You can upload a new package providing the name of the package, commit message, files, metadata, and workflow.

The name should have the format namespace/package-name.

The message needs to add notes on a new revision for this package.

Files are the content of your package.

The associated workflow contains the rules for validating your package.

The metadata can be added with JSON editor, represented as a key/value table with infinite nesting. If workflow contains JSON schema, you will have predefined key/value pairs according to the schema.

JSON editor

To add a new key/value field double click on an empty cell and type key name, then press "Enter" or "Tab", or click outside of the cell. To change value double click on that value.

Values can be strings, numbers, arrays, or objects. Every value that you type will be parsed as JSON.

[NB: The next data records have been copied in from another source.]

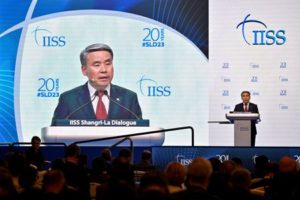 South Korea’s Minister of National Defence, Lee Jong-sup speaks at a plenary session of the 20th IISS Shangri-La Dialogue in Singapore June 3, 2023. REUTERS/Caroline Chia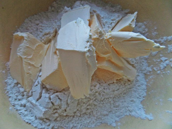 В просеянную муку (не всю муку), добавим масло комнатной температуры.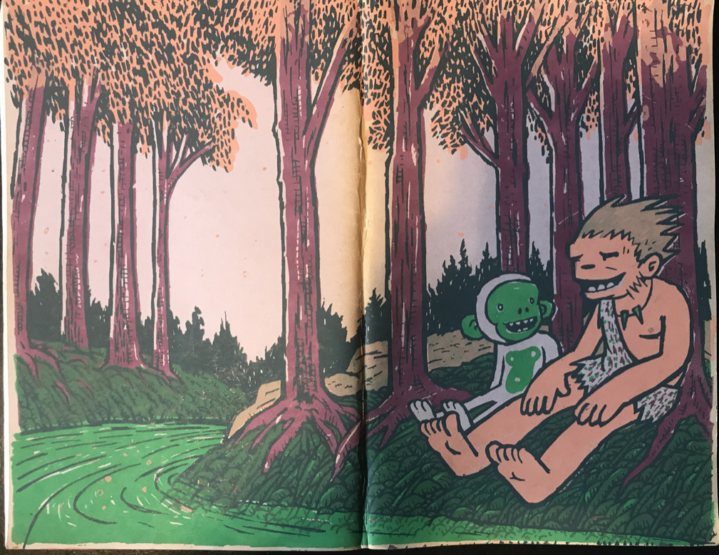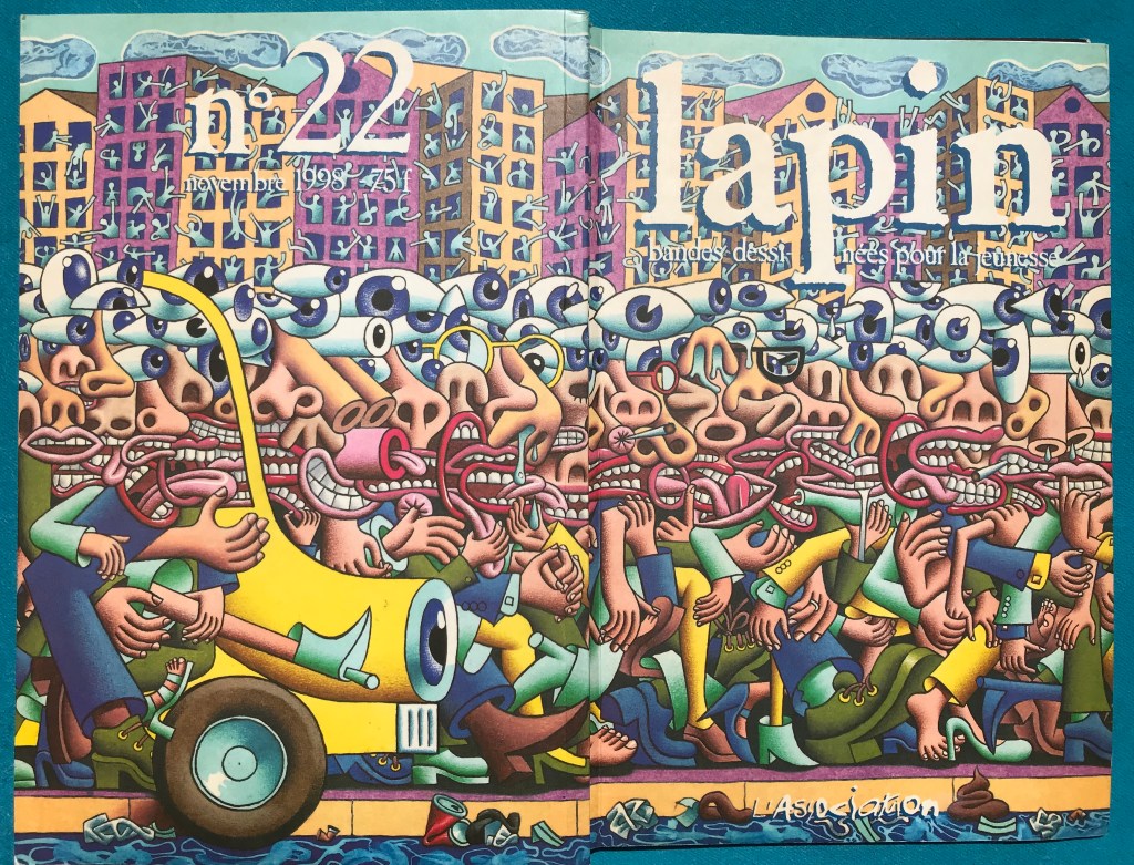 Cover of an edition of the French comics journal lapin: bandes dessinees pour la jeunesse…produced by La Association.The journal has been opened and pressed, open side down, flat on the desktop, for the photograph…due to the difficulty I had getting it to lay flat for the photo.

We don't support references and compound types yet.

Push to bucket

You can push the existing package from one bucket to another. To use this feature consult workflows page.

Summarize

Adding a quilt_summarize.json file to a data package (or S3 directory path) will enable content preview right on the landing page.

Colocating data with context in this way is a simple way of making your data projects approachable and accessible to collaborators.

quilt_summarize.json can be a list of paths to files in S3 that you want to include in your summary. For example: ["description.md", "../notebooks/exploration.ipynb"]. Additionally, note that if a README.md file is present, it will always be rendered as well.

There are currently some small limitations with preview:
Objects linked to in quilt_summarize.json are always previewed as of the latest version, even if you are browsing an old version of a package.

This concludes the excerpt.